* WHAT IS REQUIRED *
A verbatim copy of all the data is required, minus any images.

* DATA FOR THIS EXERCISE *
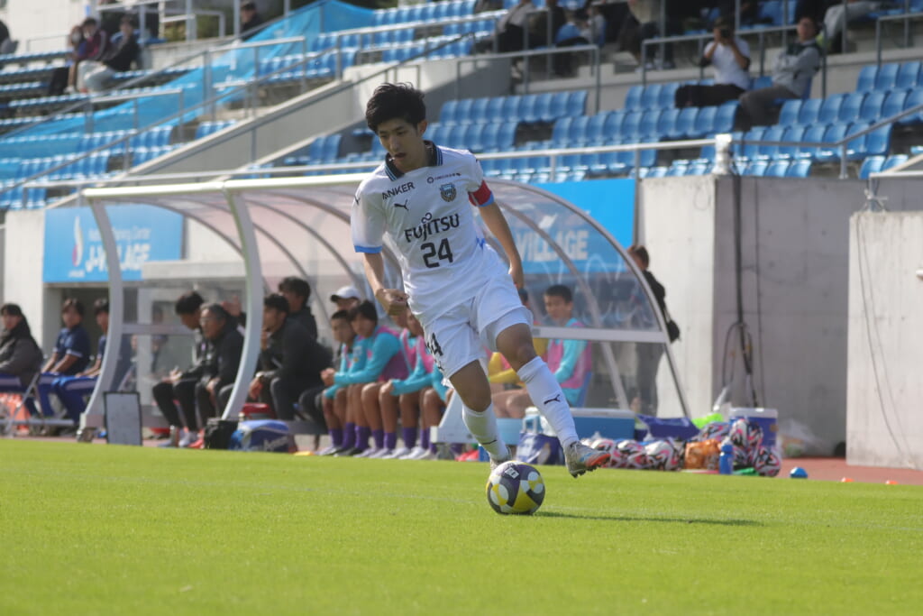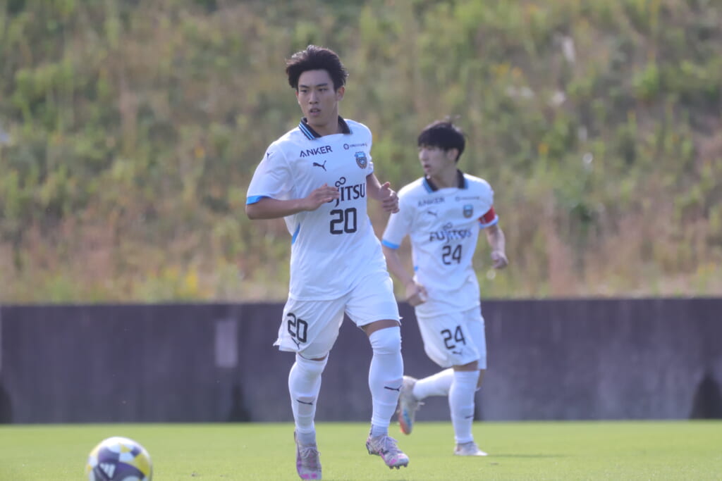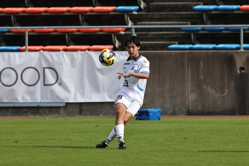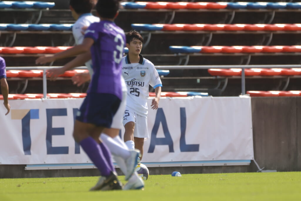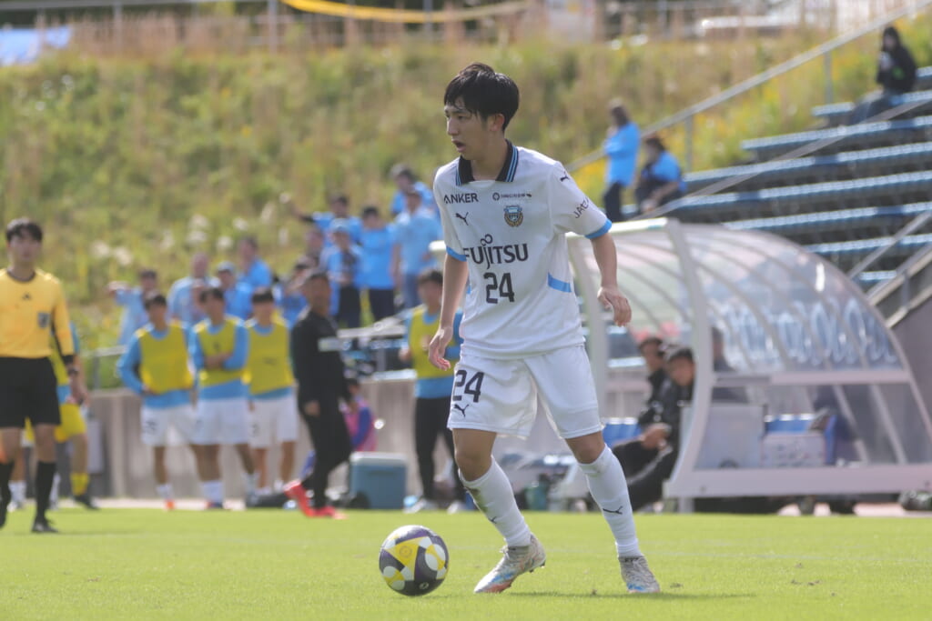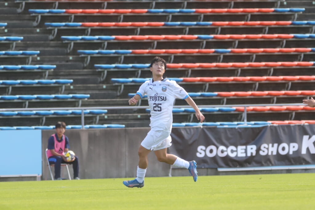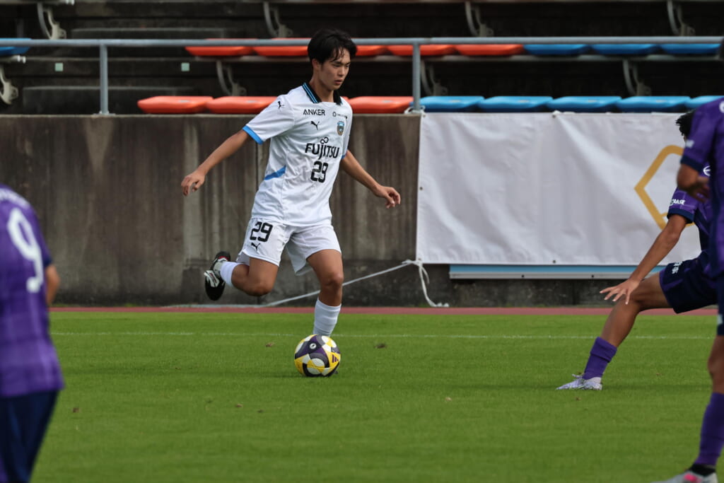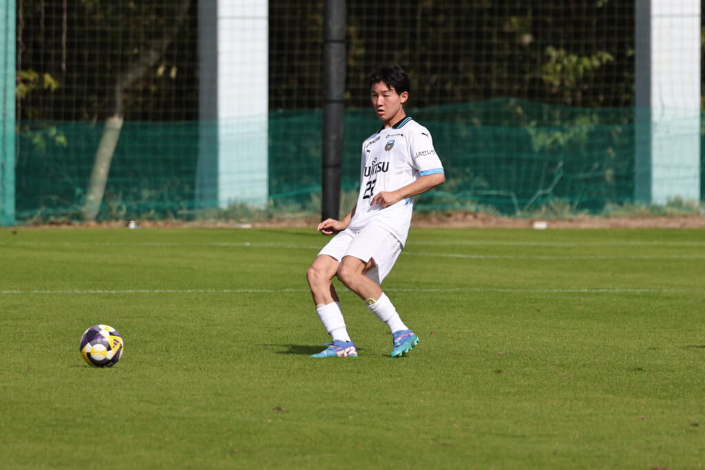 スローインを得たフロンターレ、自陣に戻し後ろからつないでいくと、山川のフィードに、廣瀬がエリア前に。ここはGK小川煌が対応。
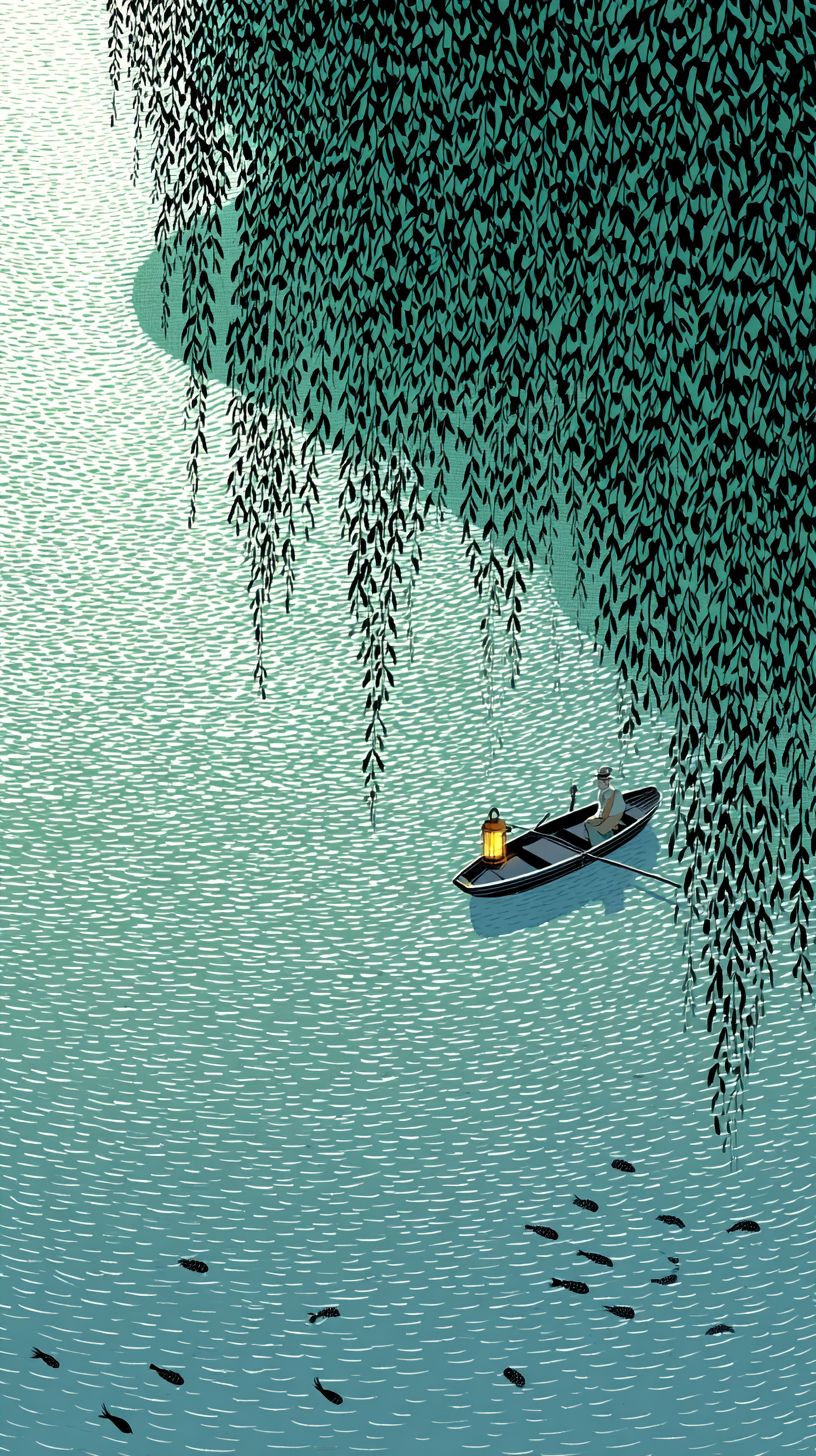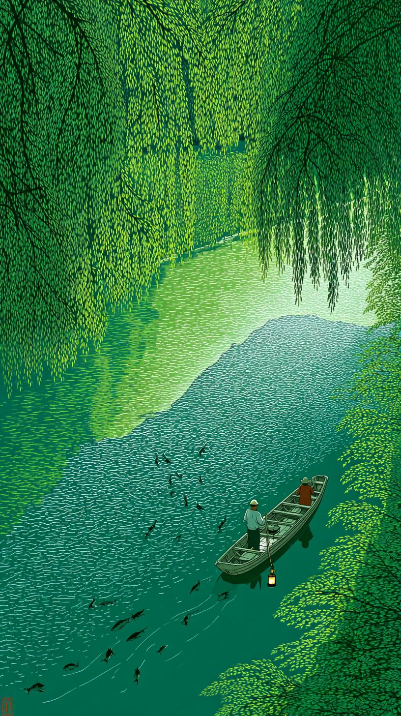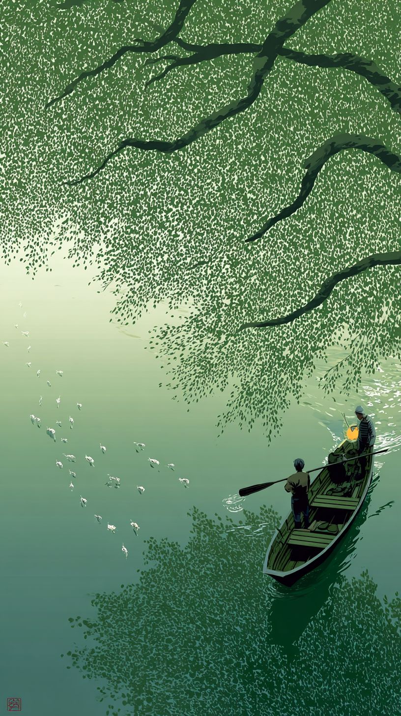 تنزيل خلفيات الهاتف :رسم لنهر هادئ عند شروق الشمس، مع فروع متدلية تلقي ظلال منقطة. تسبح أسماك صغيرة عبر الماء الصافي، ملتقطة الضوء. زوجان في قارب ضيق يجدفان برفق، أحدهما يحمل فانوسًا. بأسلوب أندرو وايث، العمل بالفن متواضع وهادئ.
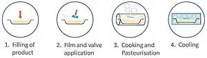 The MicVac method is a pasteurization method for the food processing industry producing ready meals. Food ingredients are inserted into a package, which is sealed. The food is then cooked and pasteurized in the sealed package. During the heating process a valve on the package opens and releases steam and oxygen. The process time is short since the food is pasteurized with microwaves. When the microwave heating process stops the valve closes. Remaining steam condenses and causes an underpressure in the package. The final result is a cooked, pasteurized and vacuum-packed product. The short cooking time in combination with the absence of oxygen in the pack is unique for the method and has many advantages. The method has been used in the food industry since 2005.
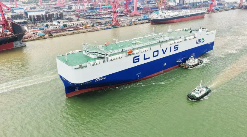3月31日,广船国际为韩国HMM公司建造的10800车LNG双燃料汽车运输船(PCTC)1号船出海试航,这是目前全球在建的首艘万车级双燃料汽车运输船。
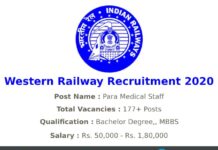 Western Railway Recruitment 2020 | 177 Para Medical Staff Jobs

* RESULT OF THIS EXERCISE *
 スローインを得たフロンターレ、自陣に戻し後ろからつないでいくと、山川のフィードに、廣瀬がエリア前に。ここはGK小川煌が対応。
 تنزيل خلفيات الهاتف :رسم لنهر هادئ عند شروق الشمس، مع فروع متدلية تلقي ظلال منقطة. تسبح أسماك صغيرة عبر الماء الصافي، ملتقطة الضوء. زوجان في قارب ضيق يجدفان برفق، أحدهما يحمل فانوسًا. بأسلوب أندرو وايث، العمل بالفن متواضع وهادئ.
 The MicVac method is a pasteurization method for the food processing industry producing ready meals. Food ingredients are inserted into a package, which is sealed. The food is then cooked and pasteurized in the sealed package. During the heating process a valve on the package opens and releases steam and oxygen. The process time is short since the food is pasteurized with microwaves. When the microwave heating process stops the valve closes. Remaining steam condenses and causes an underpressure in the package. The final result is a cooked, pasteurized and vacuum-packed product. The short cooking time in combination with the absence of oxygen in the pack is unique for the method and has many advantages. The method has been used in the food industry since 2005.
3月31日,广船国际为韩国HMM公司建造的10800车LNG双燃料汽车运输船(PCTC)1号船出海试航,这是目前全球在建的首艘万车级双燃料汽车运输船。
 Western Railway Recruitment 2020 | 177 Para Medical Staff Jobs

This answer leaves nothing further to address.